You have decided that you want the study to detect a five-pound difference in weight loss 90% of the time, and want to find a sample size that will give your test this property. You use R to find this sample size:
power.t.test(power = 0.9, delta = 5, sd = 20, sig.level = 0.01, type = "paired",
alternative = "one.sided")
##
## Paired t test power calculation
##
## n = 210.9878
## delta = 5
## sd = 20
## sig.level = 0.01
## power = 0.9
## alternative = one.sided
##
## NOTE: n is number of *pairs*, sd is std.dev. of *differences* within pairs
The results suggest that you need 211 study participants for your study to have the desired property.
power.prop.test()
does for tests for population proportion what power.t.test()
does for tests for population mean. The syntax is similar, except there is no parameter type
, and delta
is replaced with p1
and p2
, which specify the population proportions under the two hypotheses. (There is no need to specify sd
, so clearly that is not a parameter either.)
Gallup polls often survey samples of 1500 adults. Suppose a Gallup poll asks individuals whether they support Hillary Clinton or Donald Trump for President, and the poll uses a significance level of \(\alpha = .05\) (the default for power.prop.test()

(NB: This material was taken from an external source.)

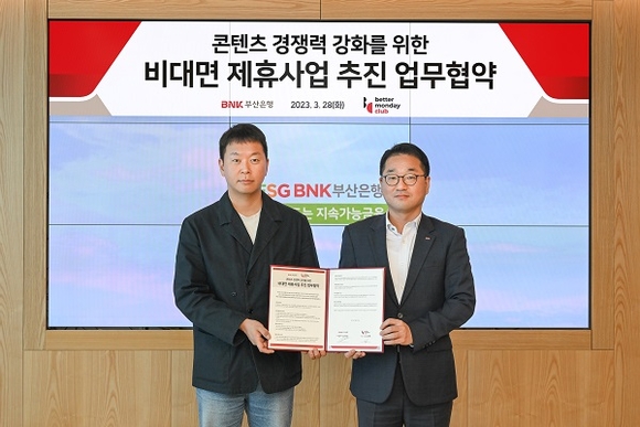BNK부산은행이 28일 오전 부산은행 본점에서 직장인 라이프스타일 플랫폼 운영사인 베러먼데이와 ‘콘텐츠 경쟁력 강화를 위한 업무협약’을 체결했다고 밝혔다.

, thus allowing us to ignore the parameter sig.level
). Suppose we wish to use the results of the poll to test:
\[H_0: p = .5\] \[H_A: p > .5\]
where \(p\) is the proportion of the population supporting Hillary Clinton. We would like to know if the Gallup poll can reasonably detect a 1% advantage for Clinton, and use power.prop.test()
to detect this:
power.prop.test(n = 1500, p1 = .5, p2 = .51, alternative = "one.sided")
##
## Two-sample comparison of proportions power calculation
##
## n = 1500
## p1 = 0.5
## p2 = 0.51
## sig.level = 0.05
## power = 0.136286
## alternative = one.sided
##
## NOTE: n is number in *each* group
The Gallup poll will detect this difference only 14% of the time. If we wanted to detect this advantage for Clinton 95% of the time, what sample size do we need? By specifying power = .95
and omitting n
, we can find the desired sample size.
power.prop.test(power = .95, p1 = .5, p2 = .51, alternative = "one.sided")
##
## Two-sample comparison of proportions power calculation
##
## n = 54102.75
## p1 = 0.5
## p2 = 0.51
## sig.level = 0.05
## power = 0.95
## alternative = one.sided
##
## NOTE: n is number in *each* group
We would need a sample size of 54,103 people to have a test with these properties.